Data Visualization w/ Matplotlib
what are some parameters and different arguments associated with those parameters for ax.plot
"marker =": "o"-circles as markers. "v"- triangles pointing downwards. "linestyle = ": specifies line connector type.options: "--" for dashed and "None" for no connectors. "color = ": color of points and connectors. options:"r" for red
How do I create 3 rows and 2 columns of subplots?How are plots referenced and are the rows and columns zero indexed.
fig,ax = plt.subplots(3,2).The plots are referenced by ax[0,0] and are zero indexed.
How do I create a figure and axis object? What is a figure and axis object?
fig,ax =plt.subplots() figure object = a container that holds everything you see in the output axis object = part of the page that displays the data
How do I save a figure?Where can I find this saved figure?
fig.savefig("title.fileextension"). can find in present working directory.
when would saving a figure as a .jpg be useful?
if image will be a part of a website.
What does matplotlib do for date-time data to show the full range of data?
infer x-ticks
What is a small multiple?
multiple small plots that show similar data across different conditions.
what are some useful param = args of .savefig()? What are some effective args to pass to the params?
quality = 50; avoid values above 95 because compression is no longer effective. dpi = 300; 300 is a high quality resolution. a high quality resolution correlates with a larger file size. .set_size_inches([5,3])- sets aspect ratio, where the first number is the width and the second number is the height both in inches.
What happens if I pass sharey =True to .subplots?
all subplots will have same range of y-axis ticks
What does plt.style.use("string") do?
applies style to all figures in the session
How do I make an annotation at a specific xy-coordinate?
ax.annotate("message",xy = (x,y)
How do I make a bar chart using an axis object?
ax.bar(x,y). x and y are df['col_name']
If I make two .bar calls, How do I indicate which data is at the bottom of the stacked bars? What about the bottom of three stacked bars.
ax.bar(x,y,bottom = df['col']); ax.bar(x,y,bottom = df['col1'] + df['col2'])
How do I form multiple boxplots?How do I label each one?
ax.boxplot([list of datasets]). use ax.set_xticklabels([list of string labels corresponding to each boxplot in order])
What are some guidelines for choosing plotting style?
1. dark backgrounds are usually less visible so they are discouraged. 2. if color is important, consider choosing colorblind-friendly options -"seaborn-colorblind" -"tableau-colorblind 10" 3. if you think someone will want to print your figure, use less ink. avoid colored backgrounds. 4. if it will be printed in black and white, use "grayscale" style
For multiple .bar() calls, how do I indicate which bar is which of stacked bar calls?
I add "label = " passing the argument of the y argument for that col.

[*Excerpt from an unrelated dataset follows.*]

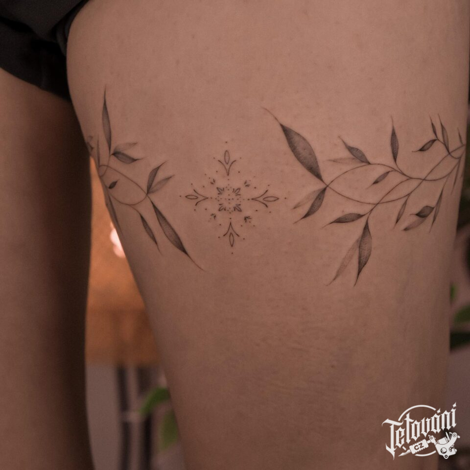 Tetování květiny, ornamenty na stehno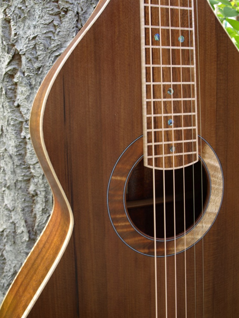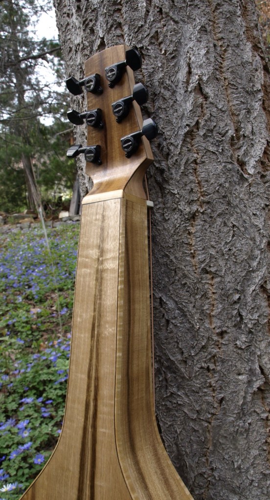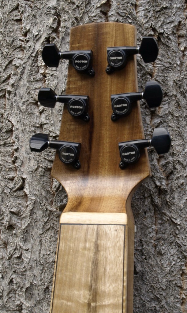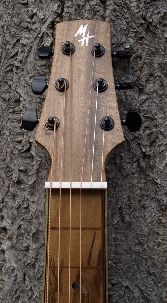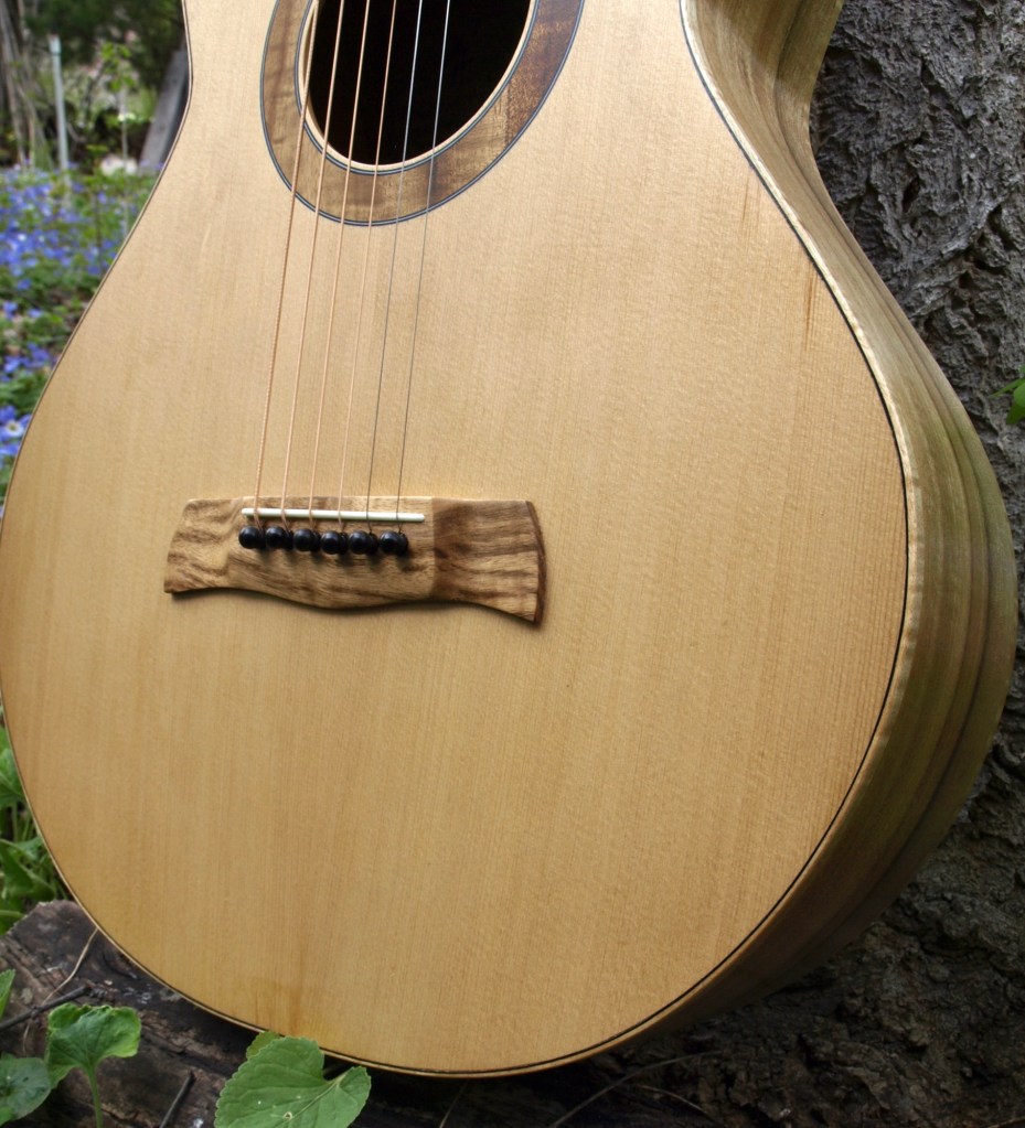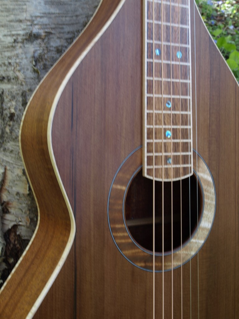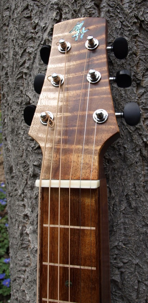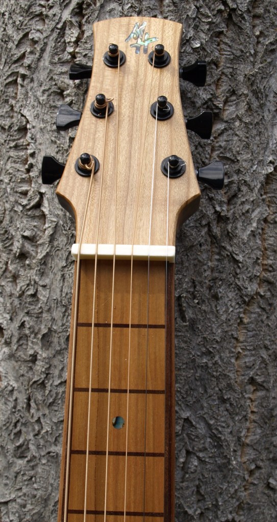 #28 – Myrtle wood back & sides, also laminated sides, and a Port Orford Cedar top. The bridge, fretboard, rosette, headstock veneer and binding are myrtle. Both woods that are endemic to the southern Oregon coast, both beautiful woods and trees, and excellent tonewoods. Spruce bracing, bone nut & saddle, and a K&K pure Mini under bridge pickup. Gotah tuners with ebony tuners. 25″ scale.

I then call ax.legend() and a legend will appear on the chart.
When using subplots on similar data down a column of subplots, how should I label these two plots in terms of number of total labels?
I should use one x label and two different y labels.

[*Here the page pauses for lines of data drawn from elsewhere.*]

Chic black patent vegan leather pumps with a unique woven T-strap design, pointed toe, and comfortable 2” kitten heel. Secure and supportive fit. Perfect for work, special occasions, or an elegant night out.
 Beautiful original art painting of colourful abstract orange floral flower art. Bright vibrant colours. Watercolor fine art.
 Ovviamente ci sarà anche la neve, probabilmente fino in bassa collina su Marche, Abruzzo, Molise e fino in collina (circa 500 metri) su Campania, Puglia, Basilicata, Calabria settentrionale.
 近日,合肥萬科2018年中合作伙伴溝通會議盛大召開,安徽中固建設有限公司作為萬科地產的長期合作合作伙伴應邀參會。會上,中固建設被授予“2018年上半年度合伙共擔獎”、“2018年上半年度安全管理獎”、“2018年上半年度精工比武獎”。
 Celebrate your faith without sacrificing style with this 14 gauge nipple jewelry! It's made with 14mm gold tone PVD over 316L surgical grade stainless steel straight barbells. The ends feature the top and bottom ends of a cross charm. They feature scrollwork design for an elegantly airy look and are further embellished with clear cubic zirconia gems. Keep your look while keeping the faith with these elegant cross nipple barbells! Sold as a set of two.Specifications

How do I zoom in on shorter time intervals in my plot.
I slice the index of my dataframe I am using to plot.
How do I make a histogram using an axis object? what are some useful arguments?
ax.hist(df['col']). label = "label" puts a label when called with legend to indicate which bars are associated with which data when plotting multiple histograms on same axis object. bins = n or list of endpoints for intervals(no interval plotted before 1st value or after last value). histtype = "step" - shows thin lines that frame bars only
How do I create a twin x-axis if I want to plot data on the same plot but they have different scales for the y-axis?

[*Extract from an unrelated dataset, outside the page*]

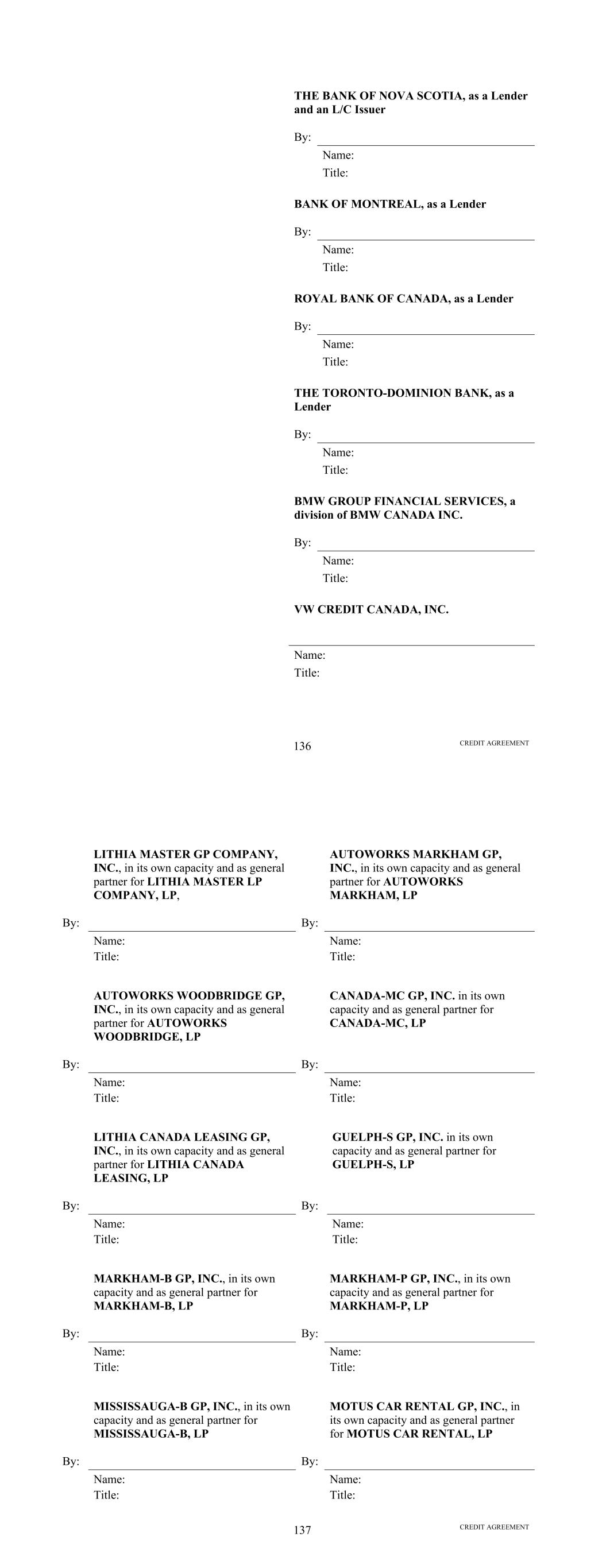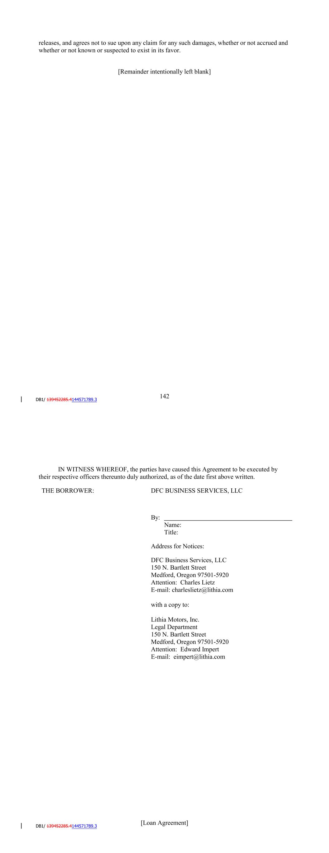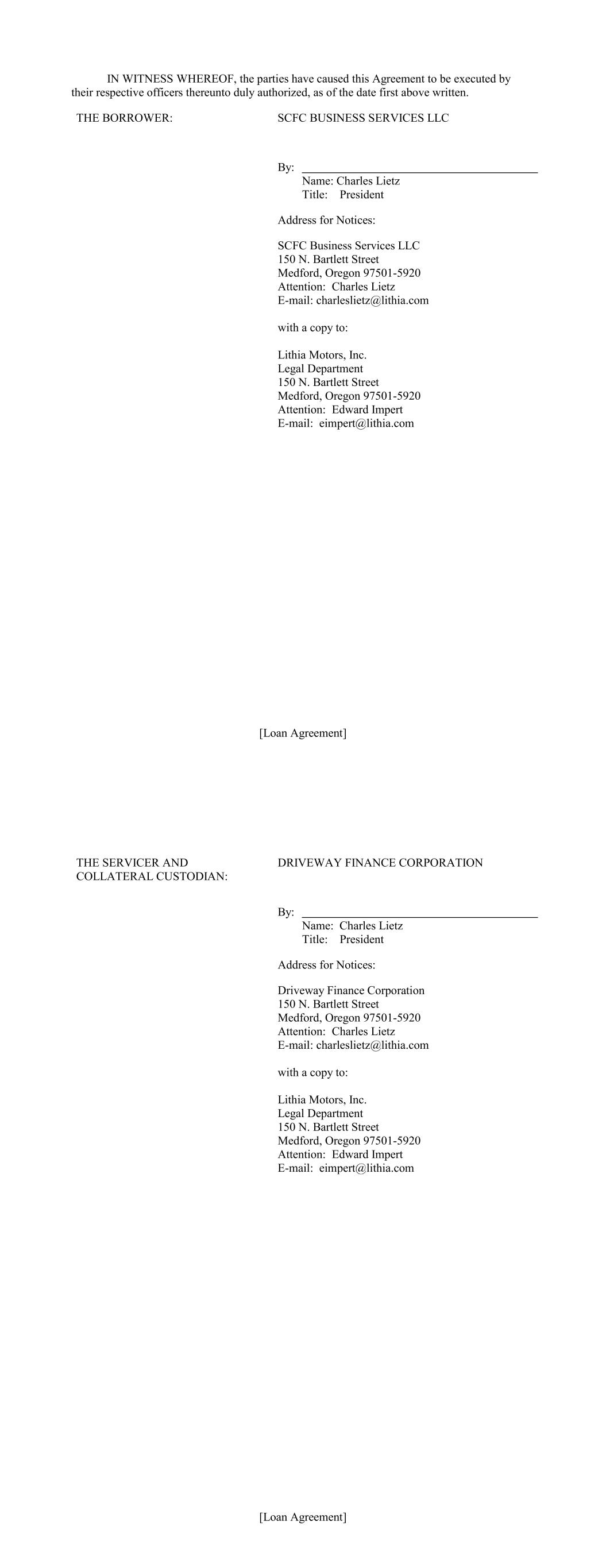 [Loan Agreement] THE BORROWER: SCFC BUSINESS SERVICES LLC By: Name: Charles Lietz Title: President Address for Notices: SCFC Business Services LLC 150 N. Bartlett Street Medford, Oregon 97501-5920 Attention: Charles Lietz E-mail: charleslietz@lithia.com with a copy to: Lithia Motors, Inc. Legal Department 150 N. Bartlett Street Medford, Oregon 97501-5920 Attention: Edward Impert E-mail: eimpert@lithia.com IN WITNESS WHEREOF, the parties have caused this Agreement to be executed by their respective officers thereunto duly authorized, as of the date first above written. [Loan Agreement] THE SERVICER AND COLLATERAL CUSTODIAN: DRIVEWAY FINANCE CORPORATION By: Name: Charles Lietz Title: President Address for Notices: Driveway Finance Corporation 150 N. Bartlett Street Medford, Oregon 97501-5920 Attention: Charles Lietz E-mail: charleslietz@lithia.com with a copy to: Lithia Motors, Inc. Legal Department 150 N. Bartlett Street Medford, Oregon 97501-5920 Attention: Edward Impert E-mail: eimpert@lithia.com

ax.plot() label ax2=.ax.twinx() ax2.plot() label plt.show()
how do I plot on an axis object? How does it actually plot
ax.plot(x = col1, y= col2). it takes the same indexed entries from x and y and creates an (x,y) ordered pair to plot.
How do I create a scatter plot?What are some helpful arguments of scatter?
ax.scatter(x,y). color = "blue" - sets color of points in data. label = "label" - sets label to be displayed on legend. c = col - useful for encoding a third variable in the plot. does this by changing brightness of points by mapping data in col to colors.
How do I set an axis label for an axis object? y label? title?
ax.set_xlabel("label");ax.set_ylabel("y label"); ax.set_title("title")
how do I set x-tick labels and rotate the ticks 90 degrees counter-clockwise?
ax.set_xticklabels(df['col'],rotation = 90)
If I have one of the array dimensions of a subplot as 1 and the other dimensions as greater than one(say [2,1]), how do I reference the axis object to plot and label the left subplot.
ax[0]
What modification to ax do I need to use if I want to modify the data or the labels of subplot?
ax[m,n]
What happens if I execute two ax.plot commands before plt.show()?
both are appended on same plot.
What types of plots can I add error bars to and how are these errors expressed on the chart?
can add to a bar chart where a vertical tick is added to the bars. I add yerr = series.std() to show standard deviation of each bar. for a line plot, vertical markers are added to each point to show standard deviation. To add these we ax.errorbar(x,y,yerr=series.std())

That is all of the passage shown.